Ms. Marton has become one of the leading interpreters of Brünnhilde in Wagner's Ring, however Brünnhilde is just another heroine in the extensive gallery of her definitive interpretations that also include the title roles of Salome, La Gioconda, Leonora in La Forza del Destino and, most of all, the title role o f Puccinis last opera Turandot which she first sang at the Vienna State Opera in 1983. Since then she has been hailed simply as "the Turandot of today", and has sung this role nearly 200 times and with every major opera comp any including the Metropolitan Opera, La Scala, Arena di Verona, San Francisco, Chicago, Barcelona, Houston, Washington, in six different TV and video productions, including one from the Vienna State Opera directed by Harold Prince, one from the Metropolitan Opera in a spectacular Franco Zeffirelli production and in a production designed by David Hockney and filmed at the San Francisco Opera. She recorded the opera twice, for CBS conducted by Lorin Maazel and for RCA, with Roberto Abbado. On television she has also been seen as Elisabeth in Tannhäuser, Elsa in Lohengrin, Leonora in Il Trovatore, all from the Met stage. She has appeared in two different versions of Tosca (from the Arena of Verona and the Sydney Opera House) in La Gioconda and Elektra from the Vienna State Opera, Andrea Chenier from La Scala and Die Frau ohne Schatten from the Salzburg Festival. All of these TV films are now available on home video or DVD. Ms. Marton has also become one of the most recorded artists. She has more than 20 complete operas to her credit, as well as solo recital programmes, aria albums, and symphonic works. Her many recordings include a full-length La Gioconda, Andrea Chenier, Fedora, Turandot, Tosca, La Fanciulla del West, Bluebeards's Castle, Violanta, Tiefland, Salome, Elektra, La Wally, Semirama (Respighi) Lohengrin and the entire Ring cycle under the baton of Bernard Haitink. Her engagements included the complete new Zubin Mehta - led Ring cycle at the Lyric Opera of Chicago (1996), as well as Elektra in Washington and Lyon under the baton of Kent Nagano (1997),Turandot at the Metropolitan Opera and the Vienna State Opera (1997), a spectacular new production at the Hamburg State Opera in 1998 of Lohengrin (Ortrud), as well as a New Production of Jenufa in Hamburg with her sensationally acclaimed debut in the extremely moving role of the Kostelnicka, followed by another series of Tosca performance at the Metropolitan Opera (1999).

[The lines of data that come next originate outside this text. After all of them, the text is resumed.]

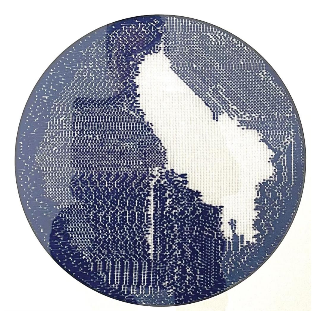
Tracings (inbetween spaces) (detail) Antonia Radich 2023 cotton on linen (framed) 46.3 x 42cm $1100
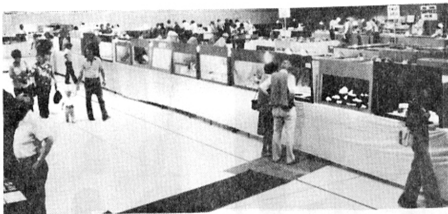
OVERALL VIEW, EXHIBIT AREA, 1979
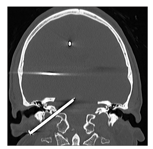
Figure 5: Nail through right jugular foramen
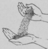
GRANULAR No Dust

Easy, safe to apply—even on windy days—Does not harden or cake in storage.
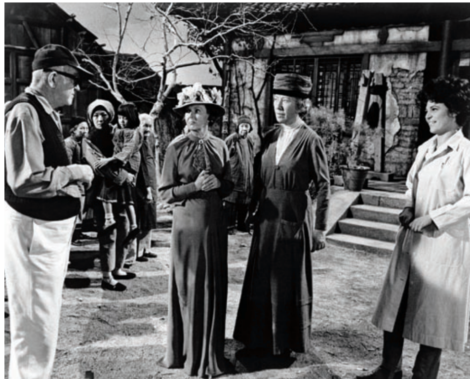
CHINATOWN: Anne Bancroft (right) starred in 7 Women (1966), about a group of women besieged by bandits in Mongolia. Ford shot the first part with dull, washed-out colors and then unleashed a full range of color when the Mongols attack. It was his last film.
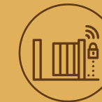
Automated motorized gates with security operated
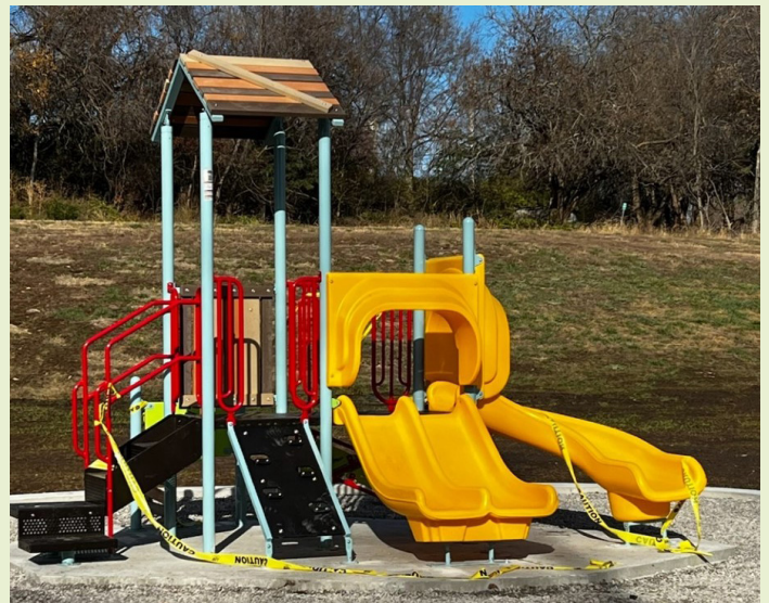
Children's play equipment at Loula Park (area still in construction)

Construction for improvements at Loula Park, 1300 W. Loula St., is now underway. This four-acre park will offer a small children's playground, shelter, drinking fountain, and landscaping. It will also have a bike repair station equipped with tools. A path connects Loula Park to the Rolling Ridge Trail.
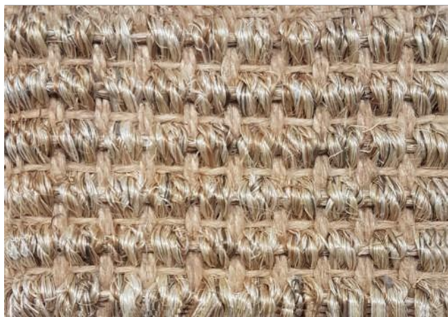
Sisal Recife 13
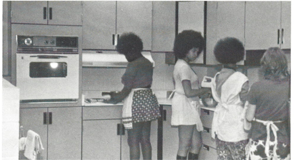
I'd rather do it myself.
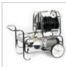
Trolley Mounted BA Set
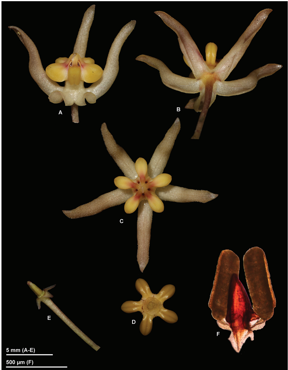
Figure 1. Hoya ruthiae photographed from Rodda M. MR606 (SING) prior to pressing A Flower, lateral view with two corolla lobes removed B Corolla, underneath C Corolla and corona, top view D Corona, underneath E Pedicel, calyx and ovaries F Pollinarium with twin pollinia.

lanceolate with a triangular acuminate apex, 9–10 × 3–4 mm, laterally revolute, lobe tips recurved. Gynostegium stalked, corona column conical 1–1.2 × ca. 2 mm diam, glabrous; corona staminal, 2.5–3 mm high, 6–7 mm in diameter, fleshy, yellow with a purple
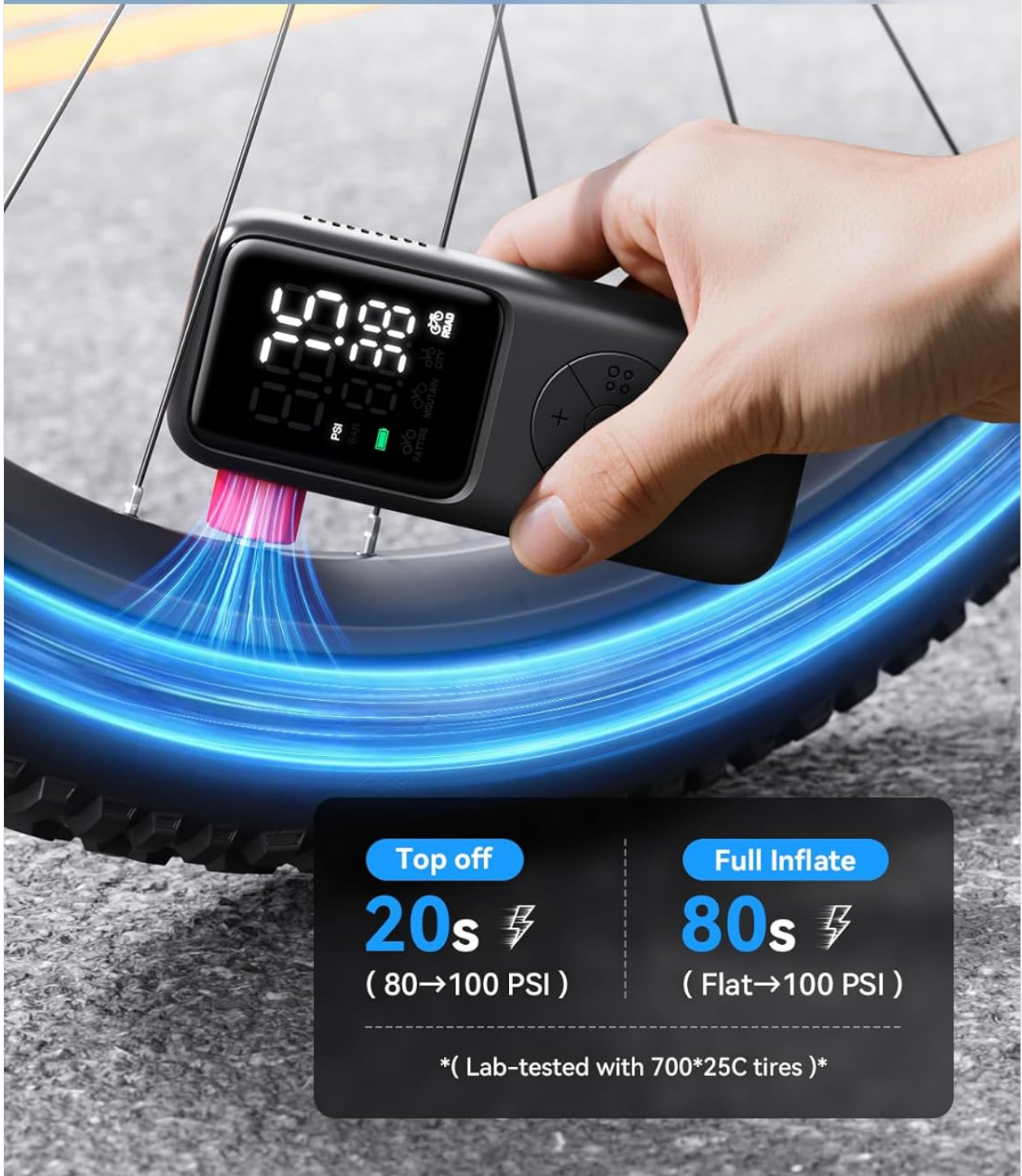
Image: The pump comes with adapters for both Schrader and Presta valves, allowing for hose-mode or direct-fit connections.
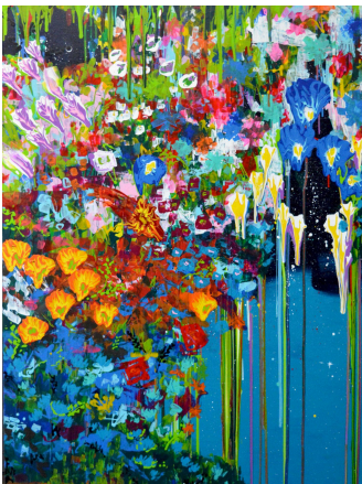
「Night Garden III」130×97cm
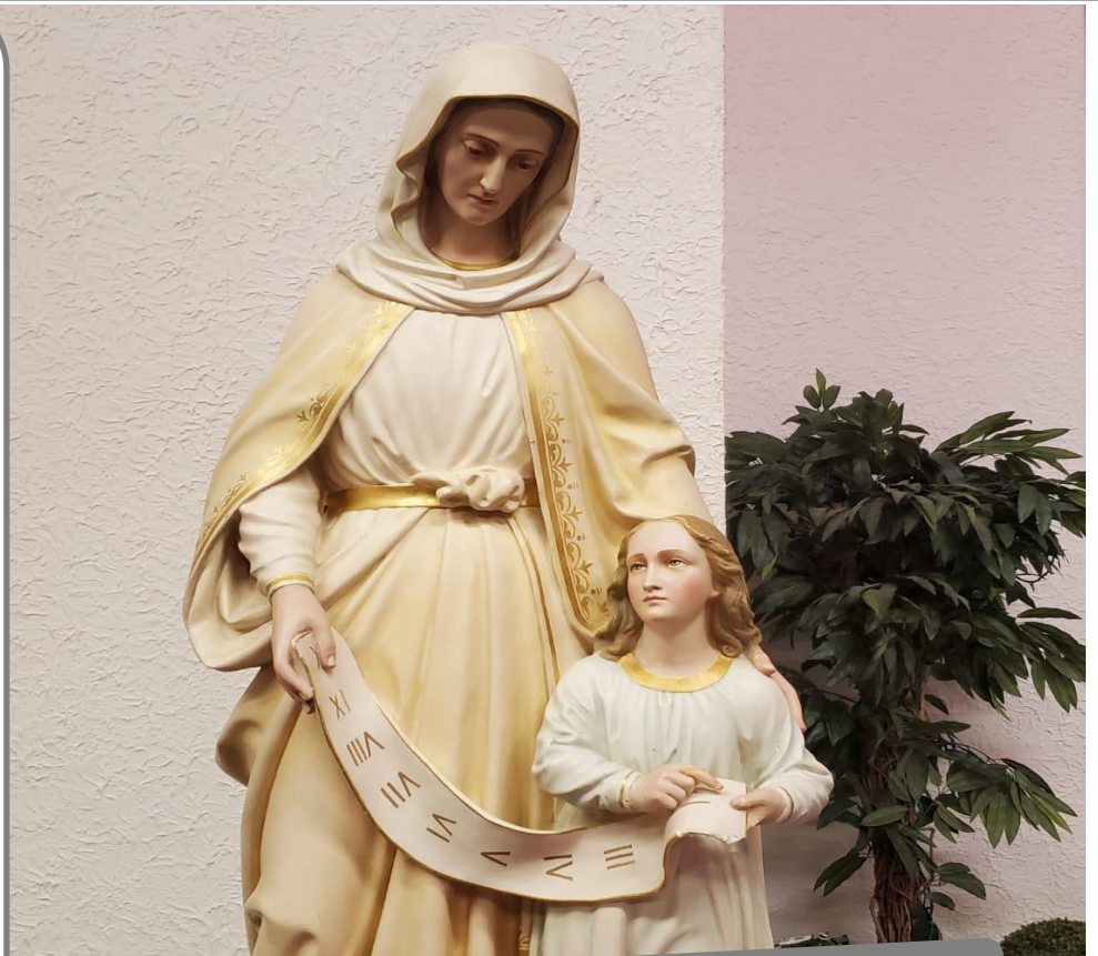
Ascension of the Lord May 16
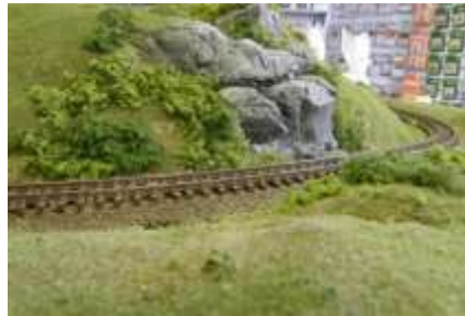
The hand carved rocks on Korchefsky Ridge.
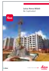
Leica Nova MS60

Illustrations, descriptions and technical data are not binding. All rights reserved. Printed in Switzerland – Copyright Leica Geosystems AG, Heerbrugg, Switzerland, 2015. 836338en – 05.15 – INT
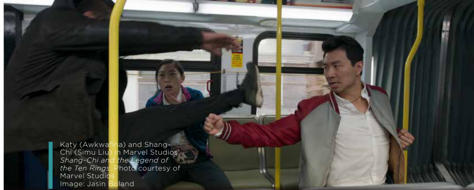
Katy (Awkwafina) and Shang-Chi (Simu Liu) in Marvel Studios' Shang-Chi and the Legend of the Ten Rings.
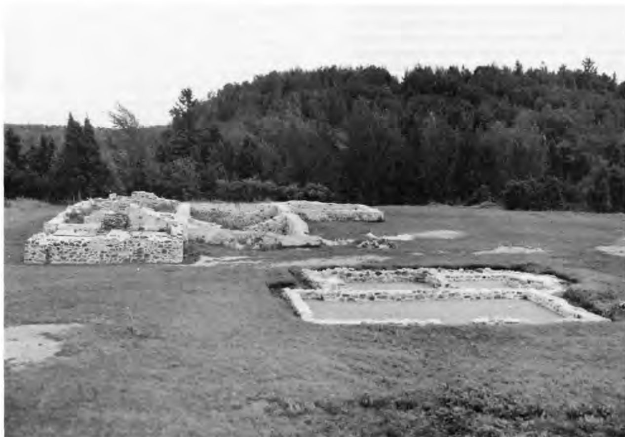
Stabilized ruins of La Grande Maison and the bakery (foreground) at Forges du Saint-Maurice NHS in 1973: major intervention, minimal presentation.

In her native country Hungary she joined the Popstar Miklós Varga to record the song "Europa" , the hymn for the 1998 European Athletics Championships, taking place in Budapest in August 1998.
Her most recent new roles were Kundry in Parsifal in Barcelona and Lisbon ( 2001) as well as Isolde in the modern staging of Ruth Berghaus at Hamburg State Opera in 2000. Having recovered from a severe injury suffered in an accident on stage at the end of a Tristan performance, she acted and sung in the movie version of the Hungarian National Opera Bank Ban by Hungarian composer Ferenc Erkel (2001/2002) which will be prepared for DVD. Concert appearances and recitals showed also Eva Marton`s suggestive interpretations of songs and compositions by Robert Schumann, Franz Liszt, Richard Wagner and especially Arnold Schönberg and Gustav Mahler.
Since her debut as the Dyer's Wife in Die Frau ohne Schatten by Richard Strauss in 1992 under the baton of Sir Georg Solti and in a production that presented this opera without any cuts for the first time since its world premiere in 1919, Ms. Marton has been highly acclaimed for being one of still only a few sopranos to sing this uncut version. Different modern stagings showed her appearing in Berlin (Philippe Arlaud) under the baton of Christian Thielemann 1998, Barcelona (Andreas Homoki) 2000 and Frankfurt (Christof Nel, Sebastian Weigle conducting) 2003 . During the Cultural Olympics of Greece, Michael Hampe´s spectacular production at the Megaron in Athens in October 2002 was a worldwide broadcast and also taped for TV and DVD.